Status marzenia: spełnione

pierwsze spotkanie

2018-02-03

Giovanniego pierwszy raz zobaczyłam podczas organizowanego przez szczeciński oddział Fundacji Mam Marzenie balu karnawałowego. Przebrany za Spidermana, brał udział w przygotowanych przez nas grach i zabawach, co chwila wybuchając radosnym śmiechem. Widać było, że bawi się bardzo dobrze. Potwierdził też to nam parę dni później, podczas naszego właściwego spotkania, na którym miałyśmy się dowiedzieć o czym najbardziej marzy nasz podopieczny.

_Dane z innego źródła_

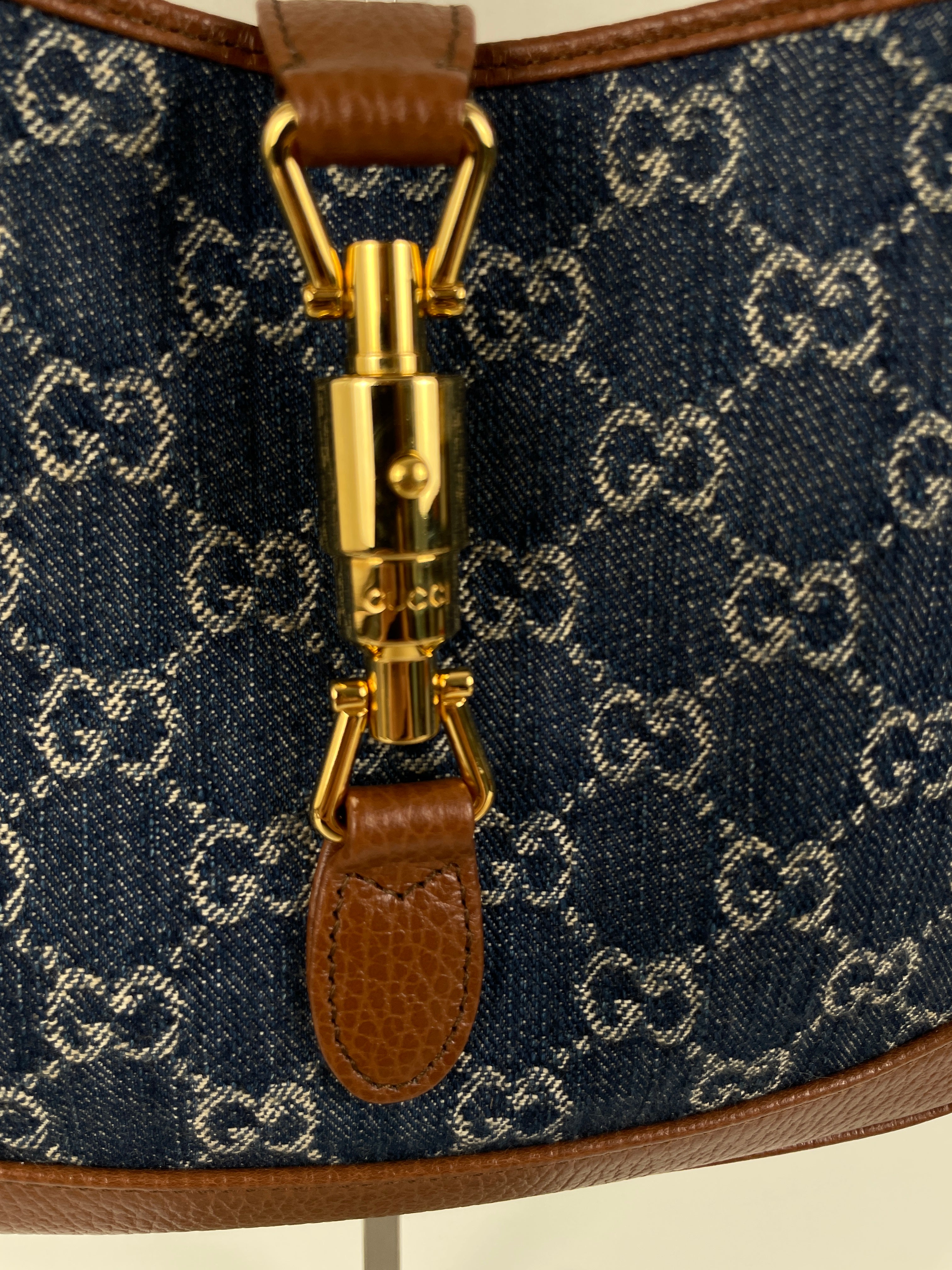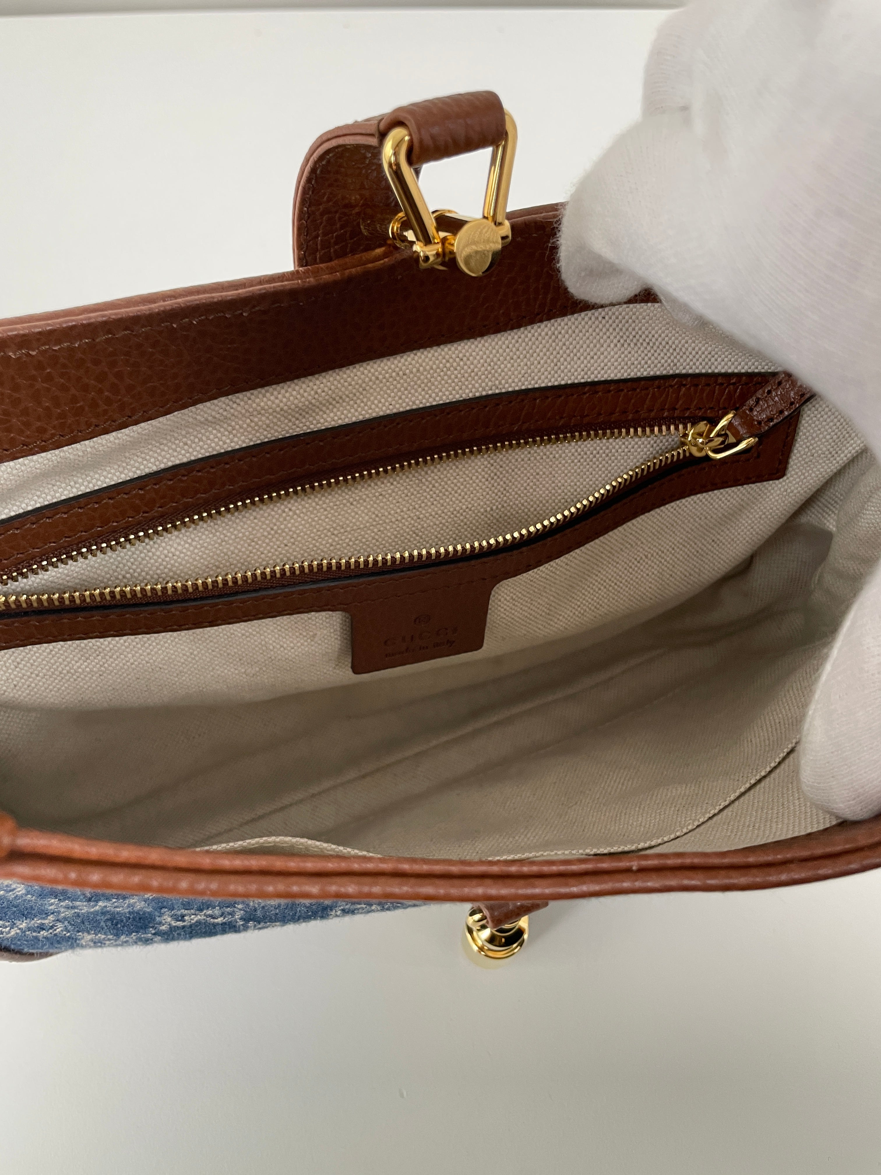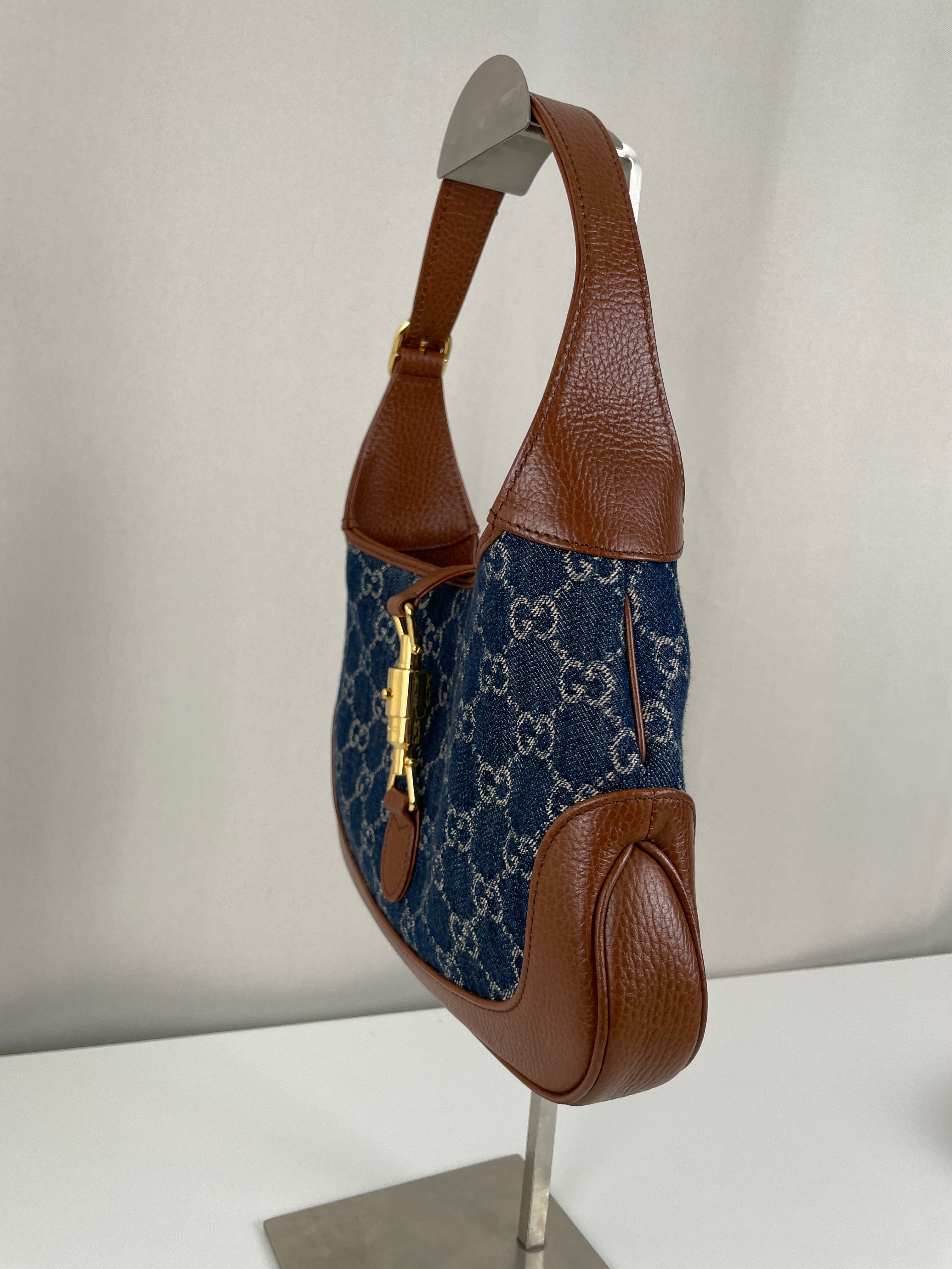 Ce sac en jean Gucci GG est comme neuf. Il est en très bon état, tout comme les parties en cuir. L'intérieur est également en très bon état. Il est doté d'une bandoulière réglable pour le porter en bandoulière.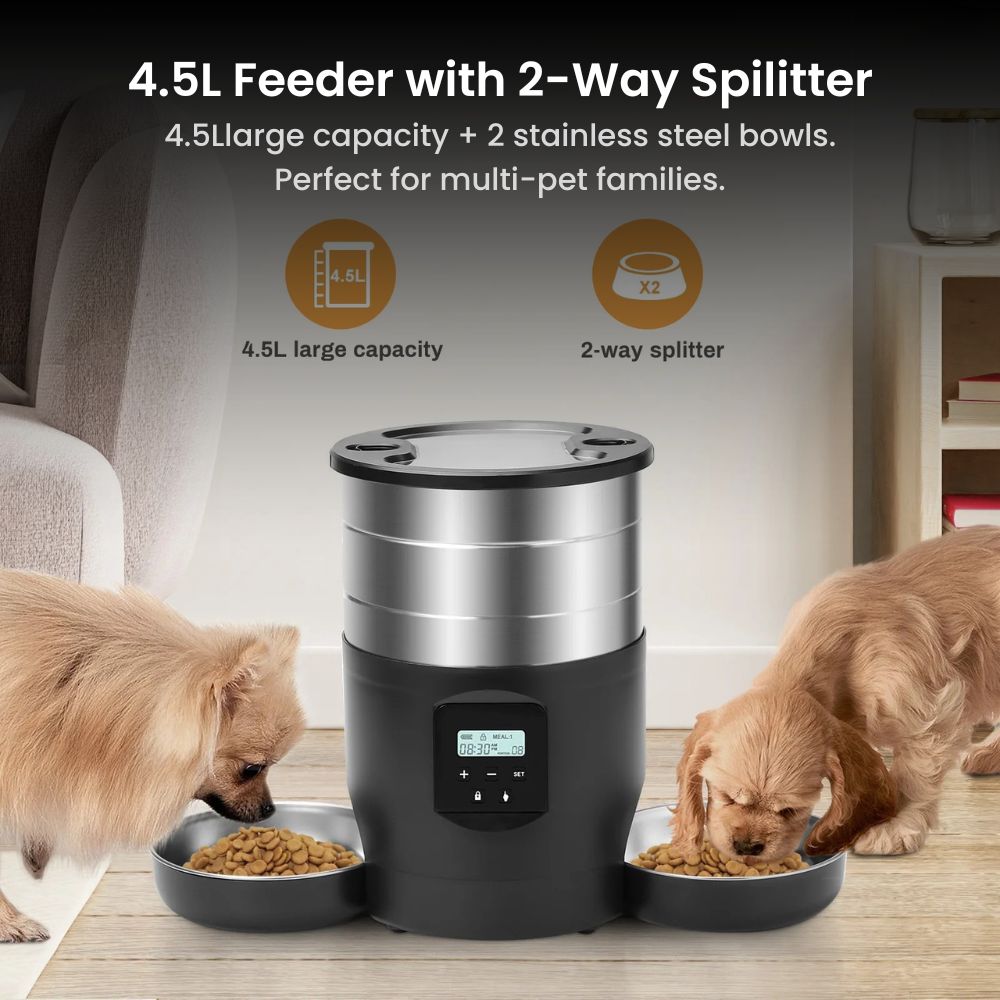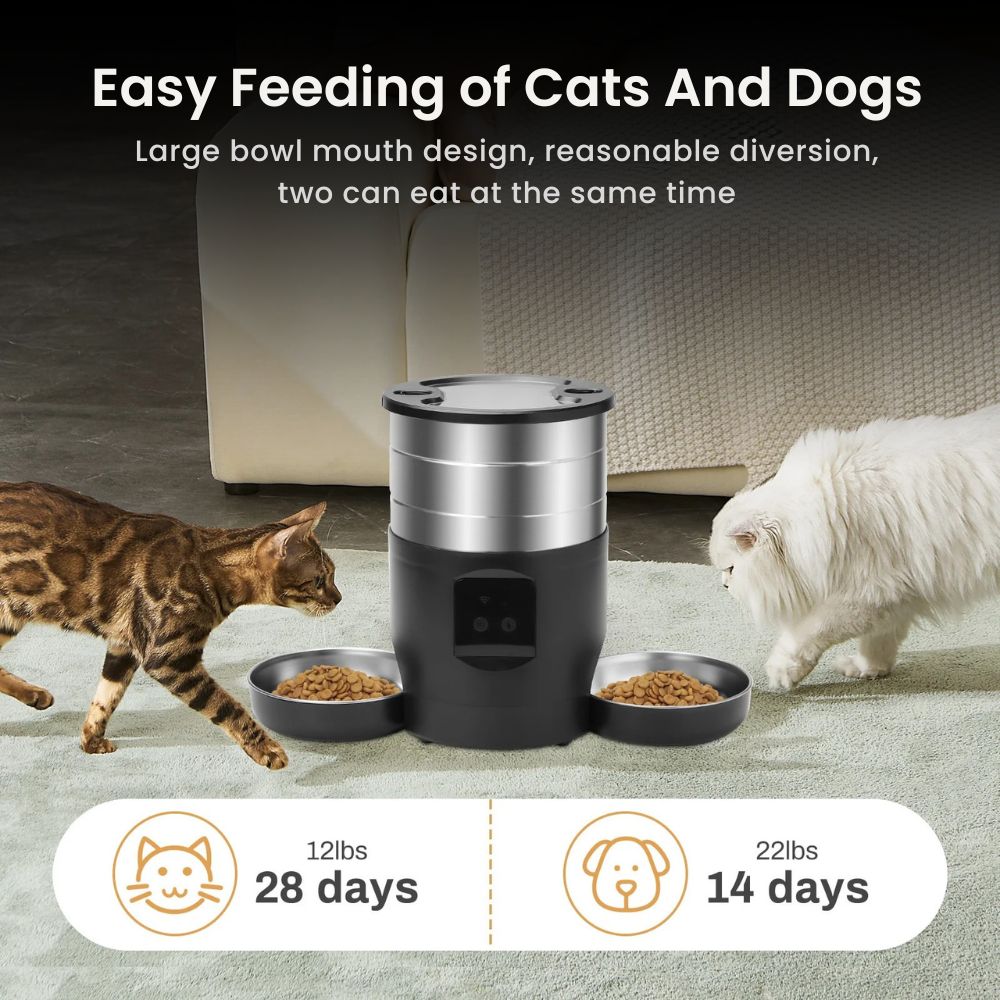 Simplify mealtime for your furry friends with this 4.5L smart automatic feeder designed for both cats and dogs. Featuring dual stainless steel bowls for hygienic feeding, WiFi app control for remote scheduling, and a voice recording function to call pets during meals, it combines convenience with care. The anti-clog mechanism ensures smooth food dispensing, while the locking lid keeps kibble fresh and secure. Compact yet spacious, this feeder measures 28cm tall and 19cm wide, making it the ideal solution for reliable daily feeding. Whether you’re home, at work, or away, you can keep your pets happy, healthy, and consistently fed.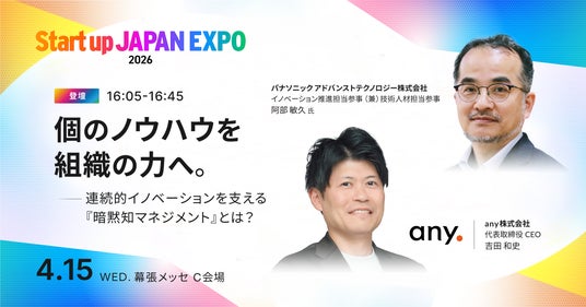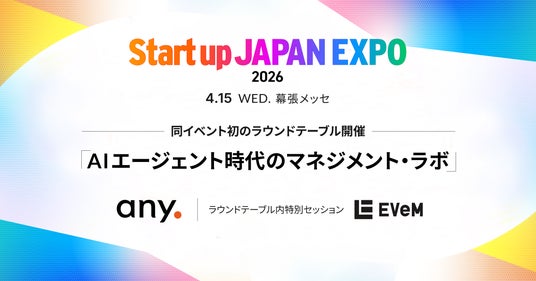 any株式会社(所在地:東京都千代田区、代表取締役CEO:吉田和史、以下:any)は、2026年4月15日(水)、16日(木)に開催されるEight(Sansan株式会社)主催の「Startup JAPAN EXPO 2026」にて、Startup JAPANとの共同企画による初のラウンドテーブルを開催します。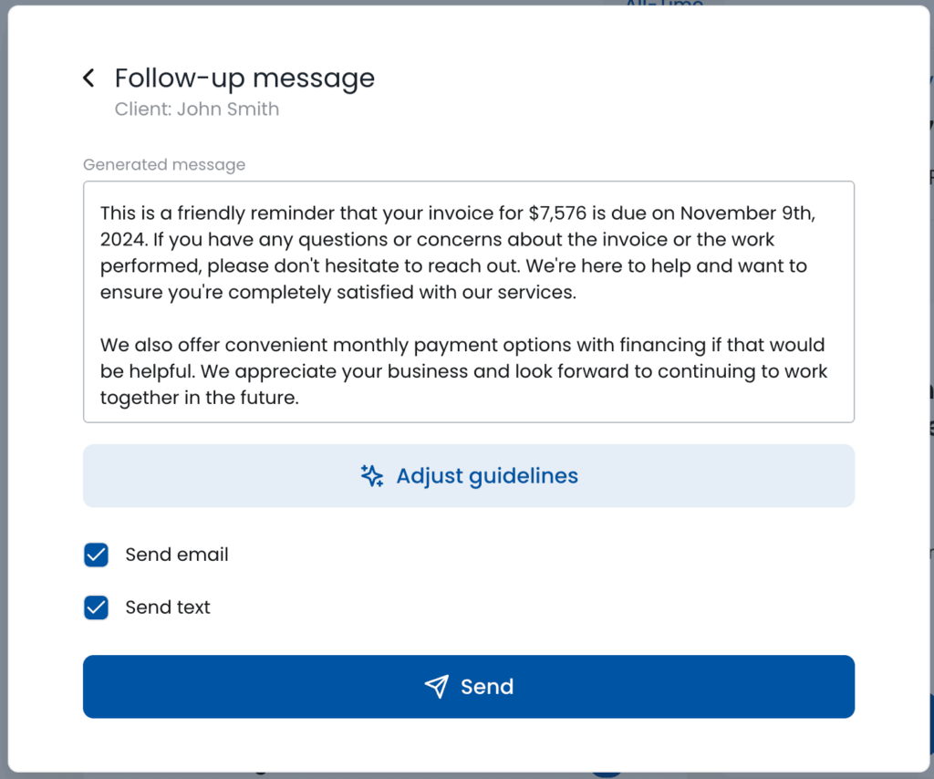 Send a Quote or Invoice. When it is due use AI to create follow-up message.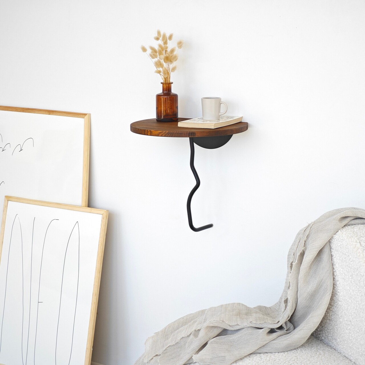 Raft de perete, Neostill, Leo, 35x35 cm, Lemn, Castan / Negru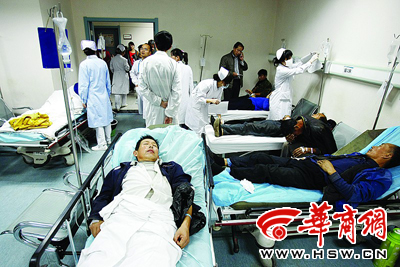 昨日上午10时许,西安交大二附院主管医疗的副院长贺西京通报了中毒者病情,他们医院收治16名中毒者,其中8名属于重症病人,1名有生命危险。除了那名有生命危险的,其他病人病情平稳。医院紧急采取解毒措施进行救治。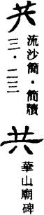 〈辨〉共字金文象双手捧璧之形。古用为供奉、恭敬字,供、恭字后起。篆书讹变,楷书作共。引申为共同字。

Po przywitaniu i powspominaniu naszego balu, wręczyłyśmy Giovanniemu lodołamacz – grę planszową. Okazało się, że granie to jedno z ulubionych zajęć naszego podopiecznego. Uwielbia grać w piłkę z rodzeństwem, w gry planszowe z całą rodziną i oczywiście w gry komputerowe. W trakcie wspólnej partyjki, raz po raz, jako wytrawny gracz, Giovanni znajdował się na podium. A ile było przy tym śmiechu i radości. Moglibyśmy tak do wieczora, ale miałyśmy misję i nie mogłyśmy doczekać się, żeby usłyszeć, o czym taki wesoły i bystry chłopiec marzy. Poprosiłyśmy Giovanniego o chwilę skupienia i narysowania swojego marzenia. Ale kiedy ma się ich taki wiele, nie jest łatwo wybrać to największe. Marzenia to część naszego życia. To nasze pragnienia i oczekiwania. Czasem potrzebujemy czasu, żeby ostatecznie zdecydować, które nazwać w danym momencie największym. Ponieważ nasz podopieczny przygotował parę rysunków, a my choćbyśmy bardzo chcieli, możemy spełnić tylko to jedno wybrane - umówiliśmy się na kolejne spotkanie z Giovannim.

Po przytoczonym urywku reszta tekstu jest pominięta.